Images are not wanted; transcribe the rest of the listing exactly.

**Given data**
··········

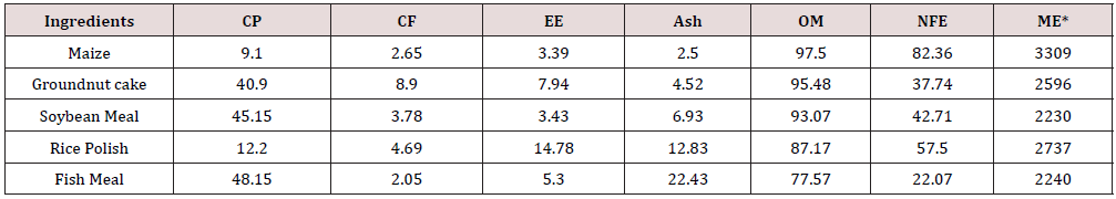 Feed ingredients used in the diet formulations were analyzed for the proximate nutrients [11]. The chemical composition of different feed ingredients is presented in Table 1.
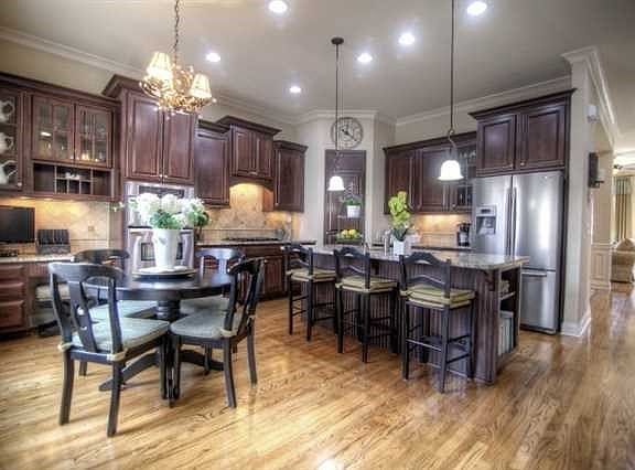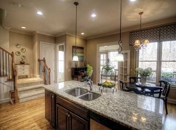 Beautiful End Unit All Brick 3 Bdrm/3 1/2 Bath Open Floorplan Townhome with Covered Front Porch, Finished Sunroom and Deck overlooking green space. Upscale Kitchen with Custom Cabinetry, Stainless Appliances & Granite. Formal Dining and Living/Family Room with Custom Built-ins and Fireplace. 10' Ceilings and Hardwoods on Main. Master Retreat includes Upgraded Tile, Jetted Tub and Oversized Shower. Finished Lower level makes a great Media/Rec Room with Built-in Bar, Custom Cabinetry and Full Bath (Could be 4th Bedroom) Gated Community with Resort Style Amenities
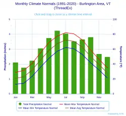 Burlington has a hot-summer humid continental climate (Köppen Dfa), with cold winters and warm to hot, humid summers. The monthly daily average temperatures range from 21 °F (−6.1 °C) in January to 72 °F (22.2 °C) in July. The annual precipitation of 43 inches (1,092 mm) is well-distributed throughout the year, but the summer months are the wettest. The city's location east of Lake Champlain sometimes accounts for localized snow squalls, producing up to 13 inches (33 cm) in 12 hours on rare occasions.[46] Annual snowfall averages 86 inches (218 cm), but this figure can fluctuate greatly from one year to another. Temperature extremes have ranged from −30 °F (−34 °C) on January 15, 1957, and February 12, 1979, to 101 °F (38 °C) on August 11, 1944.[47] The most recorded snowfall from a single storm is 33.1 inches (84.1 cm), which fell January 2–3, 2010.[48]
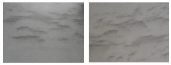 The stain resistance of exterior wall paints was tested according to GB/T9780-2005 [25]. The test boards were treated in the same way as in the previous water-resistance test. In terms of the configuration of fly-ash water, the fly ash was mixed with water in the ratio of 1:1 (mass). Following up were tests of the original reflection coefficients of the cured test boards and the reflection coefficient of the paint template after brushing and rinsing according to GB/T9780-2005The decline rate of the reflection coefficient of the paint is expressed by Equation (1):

··········

**Final answer**
 Feed ingredients used in the diet formulations were analyzed for the proximate nutrients [11]. The chemical composition of different feed ingredients is presented in Table 1.
 Beautiful End Unit All Brick 3 Bdrm/3 1/2 Bath Open Floorplan Townhome with Covered Front Porch, Finished Sunroom and Deck overlooking green space. Upscale Kitchen with Custom Cabinetry, Stainless Appliances & Granite. Formal Dining and Living/Family Room with Custom Built-ins and Fireplace. 10' Ceilings and Hardwoods on Main. Master Retreat includes Upgraded Tile, Jetted Tub and Oversized Shower. Finished Lower level makes a great Media/Rec Room with Built-in Bar, Custom Cabinetry and Full Bath (Could be 4th Bedroom) Gated Community with Resort Style Amenities
 Burlington has a hot-summer humid continental climate (Köppen Dfa), with cold winters and warm to hot, humid summers. The monthly daily average temperatures range from 21 °F (−6.1 °C) in January to 72 °F (22.2 °C) in July. The annual precipitation of 43 inches (1,092 mm) is well-distributed throughout the year, but the summer months are the wettest. The city's location east of Lake Champlain sometimes accounts for localized snow squalls, producing up to 13 inches (33 cm) in 12 hours on rare occasions.[46] Annual snowfall averages 86 inches (218 cm), but this figure can fluctuate greatly from one year to another. Temperature extremes have ranged from −30 °F (−34 °C) on January 15, 1957, and February 12, 1979, to 101 °F (38 °C) on August 11, 1944.[47] The most recorded snowfall from a single storm is 33.1 inches (84.1 cm), which fell January 2–3, 2010.[48]
 The stain resistance of exterior wall paints was tested according to GB/T9780-2005 [25]. The test boards were treated in the same way as in the previous water-resistance test. In terms of the configuration of fly-ash water, the fly ash was mixed with water in the ratio of 1:1 (mass). Following up were tests of the original reflection coefficients of the cured test boards and the reflection coefficient of the paint template after brushing and rinsing according to GB/T9780-2005The decline rate of the reflection coefficient of the paint is expressed by Equation (1):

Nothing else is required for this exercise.